Well, it can't be explained as if a person had little scientific education, unfortunately.
All that I'll say is this:
1. All atomic structures absorb wavelengths of the light spectrum (visible AND others) differently.
2. When you pass full spectrum light through a gaseous amount of a molecule (DMS or whatever), the atoms in the molecular structure absorb certain wavelengths as does the structural arrangement; so molecules also have specific light wavelength absorption fingerprints. This is how all molecule-identifying spectroscopy works today. Our commonly used alternative testing (Mass Spec) requires an in-hand sample, so we are stuck with light spectroscopy.
3. Suns create nearly full spectrum light. (even after their light escapes through their own atmospheres, it is fairly "full". Different stars are classified as to what wavelengths their atmospheres absorb. If you know the star type, you know what its light spectrum [full minus what it absorbs itself] should look like. In this case that almost doesn't matter as we are comparing sort of a status quo vs interference state condition.

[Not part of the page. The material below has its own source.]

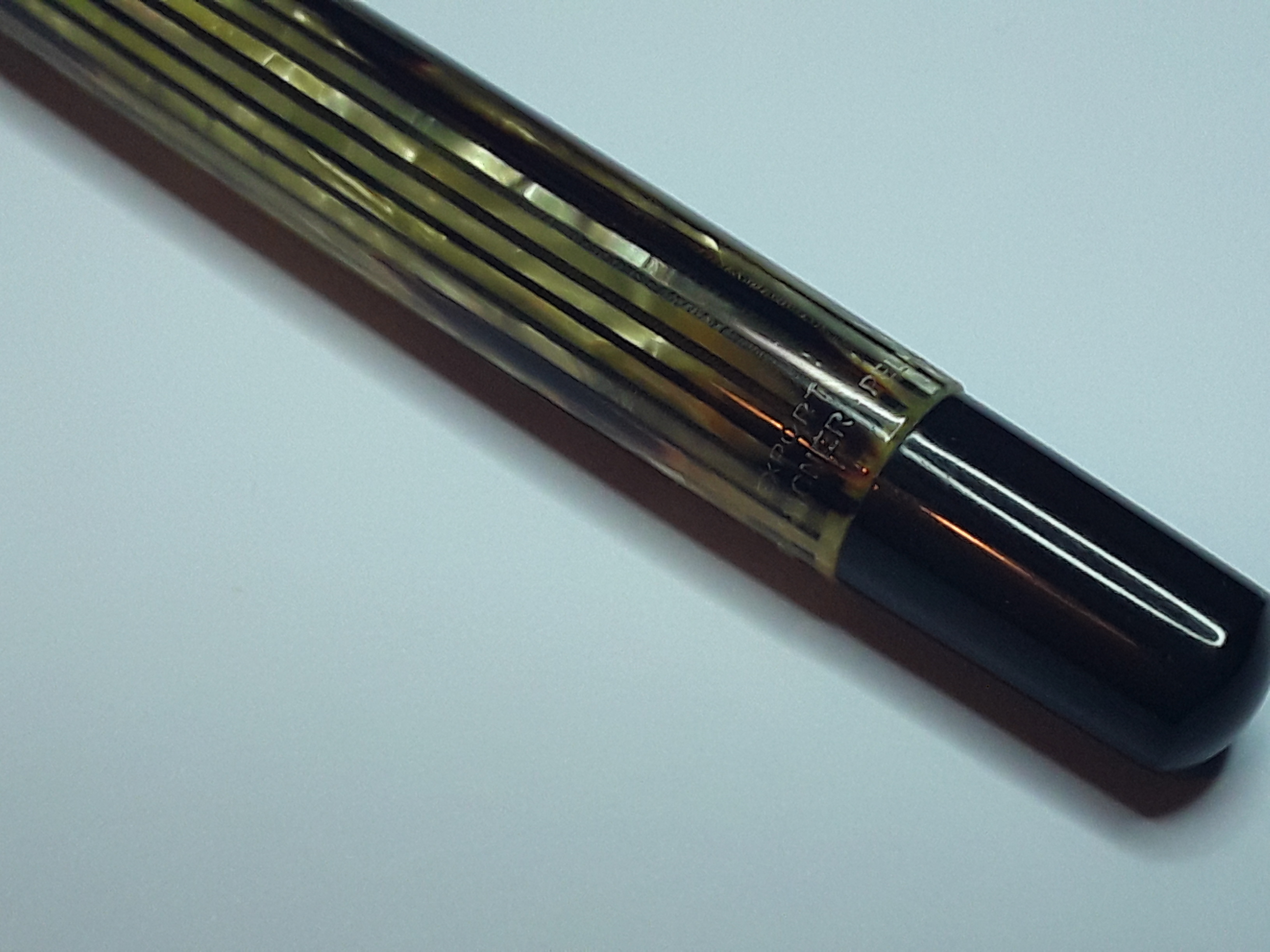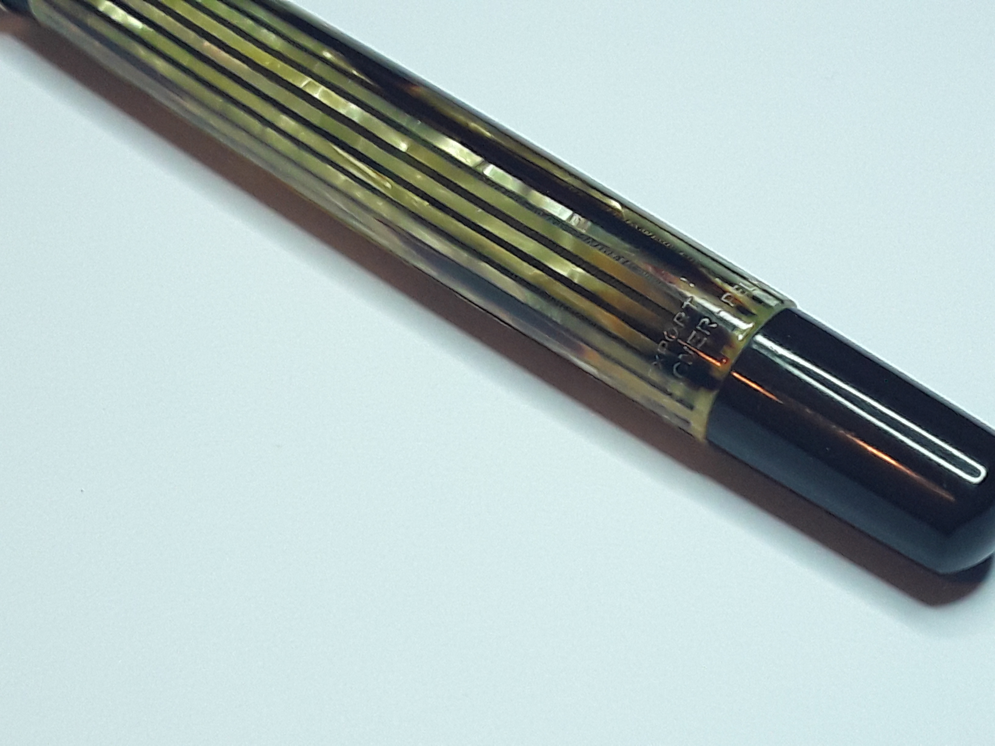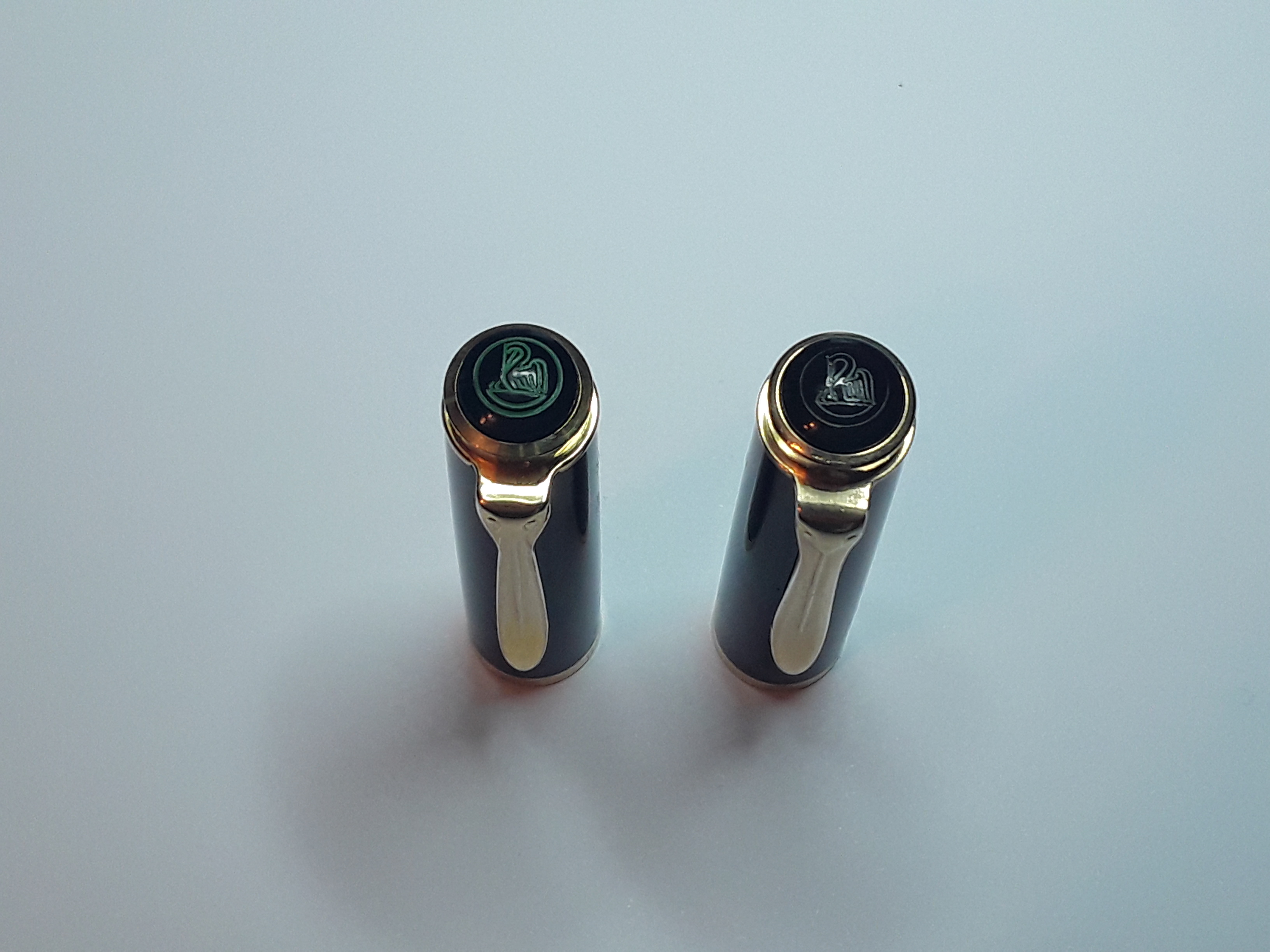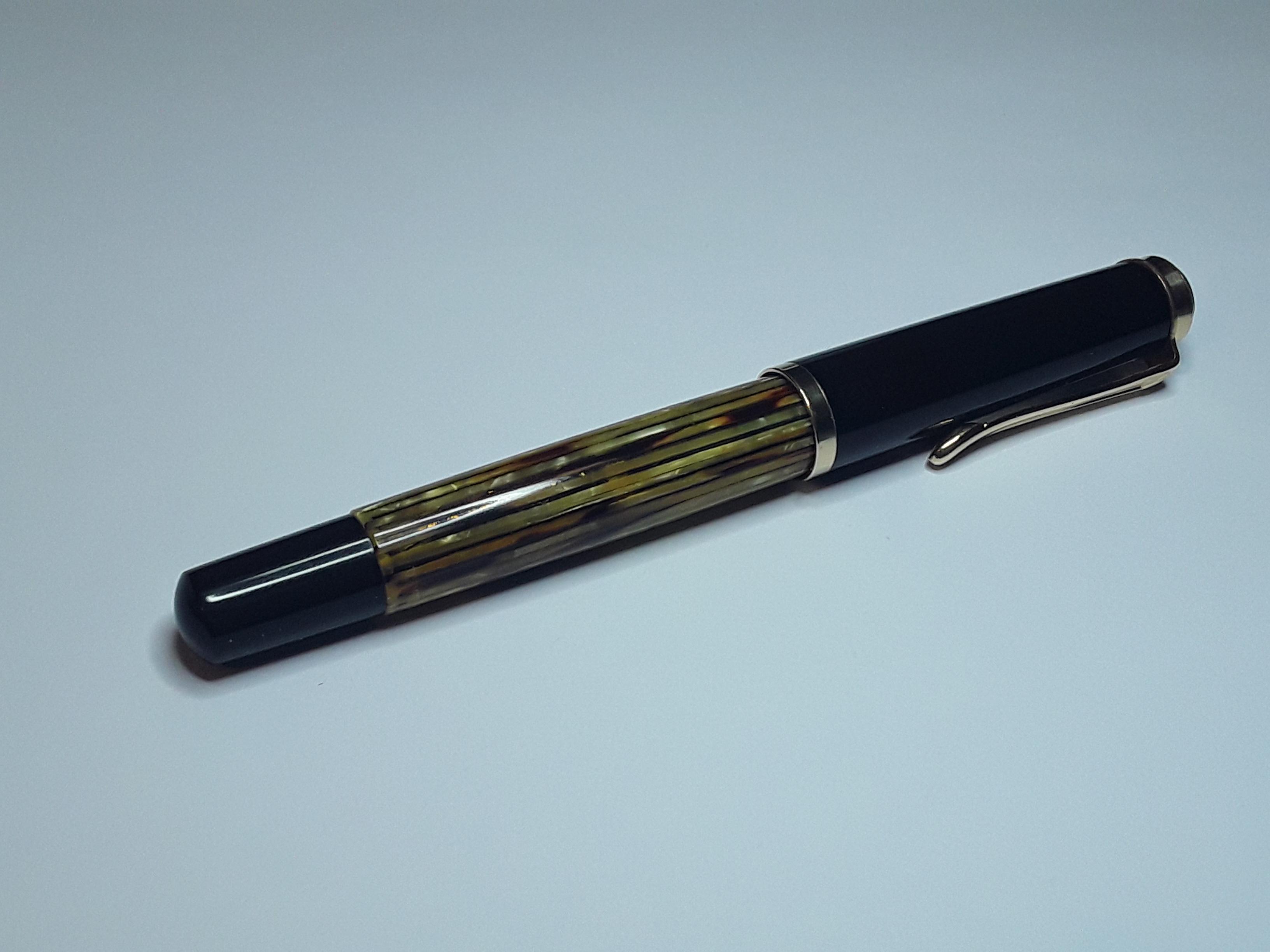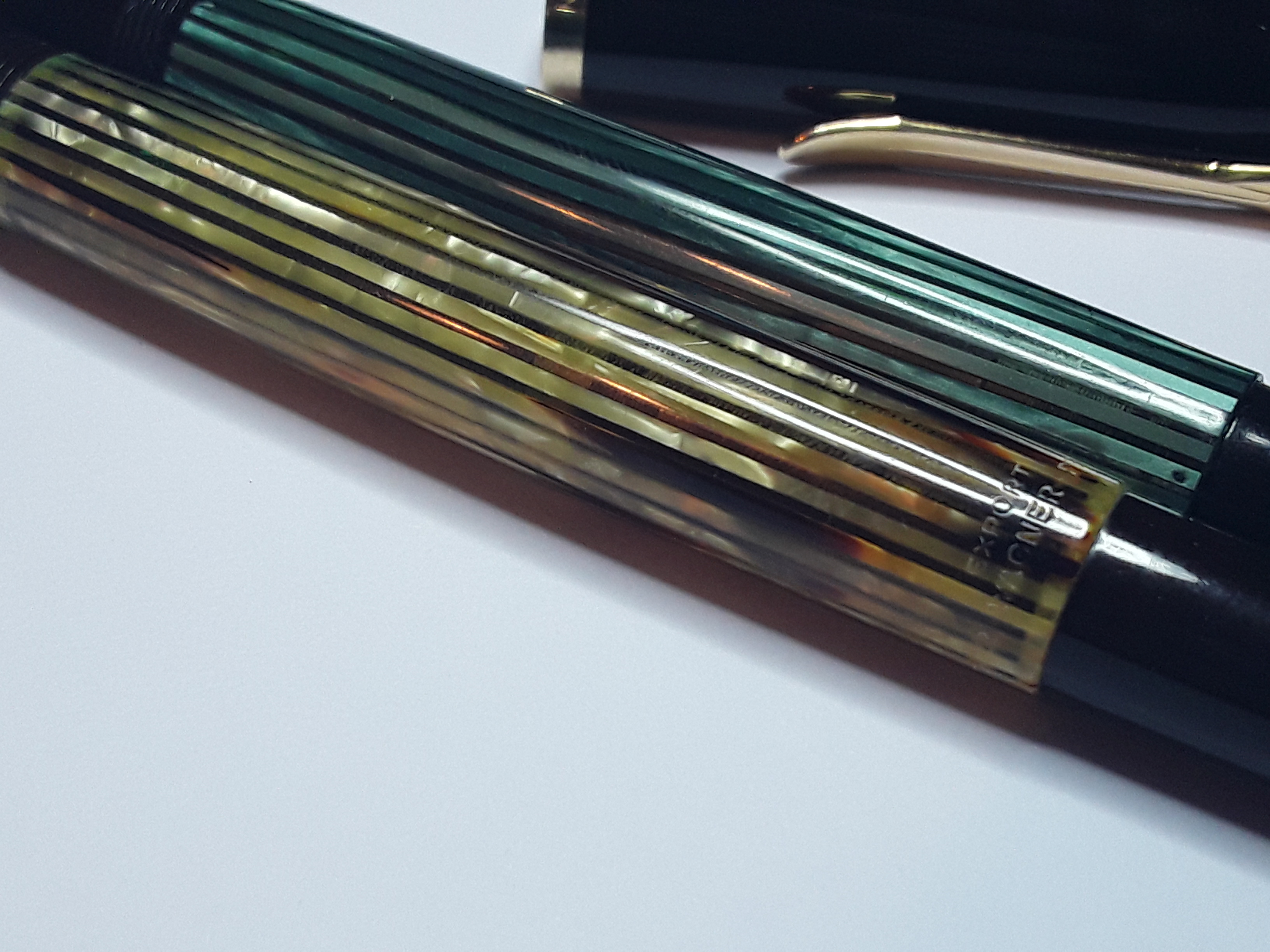Vi voglio presentare l'ultimo arrivo. È ormai da un po' di tempo che mi sono fissato con le tedesche, in particolar modo con le Pelikan vintage, e da altrettanto tempo mi sono imputato sulla Pelikan m400 brown tortoise, una penna che hanno fatto solo per poco tempo qualche anno fa anche in misura m800. Adoro i riflessi e il colore che cambiano in base a come si posiziona la penna, ed essendo un soddisfatto possessore di una m400 Old Style nel classico verde striato (il cui verde a mio parere non ha niente a che vedere con il verde di oggi in fatto di variazioni cromatiche), volevo tentare altri orizzonti riguardo al colore. Domenica scorsa, al settimanale mercatino di numismatica e filatelia di via Orefici a Milano, trovai tra le varie bancarelle di monete una paio di scatole piene di stilografiche (purtroppo a Milano i prezzi sono sempre un po' altini). Tra molte Waterman rientranti e varie italiane, vi era uno scompartimento dedicato totalmente alle Pelikan, e tra le 140 monocromatiche e le 400nn è saltata fuori una bellissima 400 brown tortoise degli anni 50, dai colori spettacolari e dal corpo e cappuccio color marrone scuro. Tra una contrattazione e l'altra, la portai a casa per un prezzo a mio parere abbastanza buono (sulla trentina di euro, per via del nome del vecchio proprietario inciso sul cappuccio che poi nascosi sotto la clip). Dopo una bella ripulita e lucidata, notai un paio di cose che mi lasciarono un poco perplesso: la prima, sull'anello del cappuccio non vi è scritto nulla, nemmeno Pelikan o Germany; la seconda, il pennino non mi sembra il classico 400 ma assomiglia a quello della serie 100 con la scritta Pelikan fatta a cerchietti e sotto 14 KARAT e sotto ancora la misura (F); la terza, la penna carica bene (forse un poco duro lo stantuffo all'inizio, ma dopo una lavata si è smollato un pochino), non ha crepe e non trafila inchiostro, ma tra le linee trasparenti noto un sottile reticolo traslucido all'interno del serbatoio, come se si stesse cristallizzando, eppure rumori strani non ne sento, anzi mi sembra molto robusta. Detto ciò, questi colori (più chiari e secondo me più ricchi del moderno brown tortoise) mi fa davvero impazzire, il pennino è flessibile e gratta forse un po' troppo per i miei gusti (magari lo faccio sistemare e ammorbidire un pochino). Perciò qual miglior modo per iniziare gli esami universitari con una bella Pelikan, spero solo di non distrarmi troppo a guardarla durante gli scritti, altrimenti sono rovinato! Vi lascio qualche foto della penna confrontata con la m400 verde. Se avete qualche informazione aggiuntiva precisazione su di essa, le accolgo più che volentieri. Grazie a tutti per l'attenzione e vi auguro una buona giornata!

4. If something else passes between us and the star, and its surrounding gases absorb the star light in its path to us, that something's molecules absorb their characteristic wavelengths just as they would do to a light source we shown on them in the lab. That star light would emerge through those clouds minus the absorbed wavelengths, and keep on to us.
5. When we see the light from the Sun of that system, it will be minus the wavelengths it itself absorbed, and the wavelengths that the intervening planet (or even a gaseous cloud) absorbed. When the planet moves out of the way, the spectrum changes and the otherwise absorbed light lines return. So we know which molecules were in the atmosphere or intervening cloud.
6. All that has been known, and sort of understood (as much as anything really fundamentally microcosmic can be understood.) The problem therefore is technological, not scientific. All such discoveries have waited until we could manage the light-sensitive-gathering ability to collect enough light to measure things at all. We're still WAY short of we really need in light-gathering tech.